Lowe presented the plan for Parcel R-1 at the community meeting, with Chinese translation by Suzanne Lee, co-chair of CCLT. “Because the process [of building something on parcel R-1] will take several years, instead of extending the lease to Tufts we can control the income and put our foot in the door,” Lowe said.

The CCLT doesn’t intend to call on Tufts to stop parking on R-1 on Dec. 31, but “we want to continue to let Tufts employees park there, while we pay the lease and collect the parking revenue to use as an affordable housing subsidy fund,” Lowe said.

“It’s a reasonable solution for the community, and gives Tufts time to make a plan to consolidate their parking, given that they own other lots,” she added.

The CCLT partnered with two area graduate students to put together a feasibility study on how to best execute their plan and create a sustainable source of income for a community anti-displacement fund.

Alex Bob, a city planning student at MIT and Alex Rawding, an urban planning student at Harvard, found that 48.6 percent of Chinatown households make less than $50,000 per year, drawing on 2015 estimates by the U.S. Census American Community Survey.

The students also found that 60 percent of Chinatown residents spend more than 30 percent of their income on housing, which, according to the U.S. Department of Housing and Urban Development, is a cost burden.

“Market rate units are out of reach for most Chinatown residents,” said Bob.

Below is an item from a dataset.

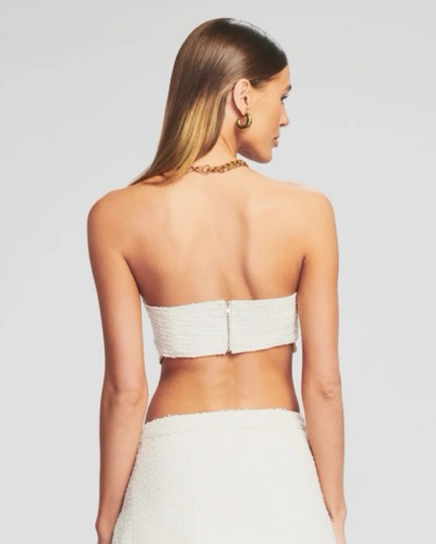 Retrofete Loris Bra Color: White Size: M Back zipper and small plastic button clasp, with chain detail.

New so-called affordable units are unattainable, as well. Using income ranges from the 2011–2015 U.S. Census American Community Survey, and rent prices of affordable apartment units at One Greenway, Bob and Rawding learned that up to $6,156 would be needed annually to subsidize a three-bedroom unit the apartment tower offers.

Bob and Rawding calculated that with 77 parking spaces in R-1, for which Tufts employees pay $270 per month per space, the CCLT would make a minimum of a $20,000 profit annually if they were to collect parking revenue, pay the lease and pay the cost of operating the lot.

Lowe said that unless the BPDA lowers its lease rate for parcel R-1, $20,000 wouldn’t be enough to subsidize apartments for residents, “but it could still be a significant amount to create a small anti-displacement fund.”

Longtime Chinatown resident Angela Soo Hoo attended last week’s community meeting, pitching in her thoughts and ideas for the public parcel. She is concerned for the future of the neighborhood because she wants to one day raise her family where she grew up. “I would like to see an indoor recreational space for the winter time,” she said. “And more three-bedroom housing.”

Many former Chinatown residents she once knew have moved out to places like Quincy or Malden to accommodate their growing families. Said Soo Hoo, “There’s lack of space in Chinatown.”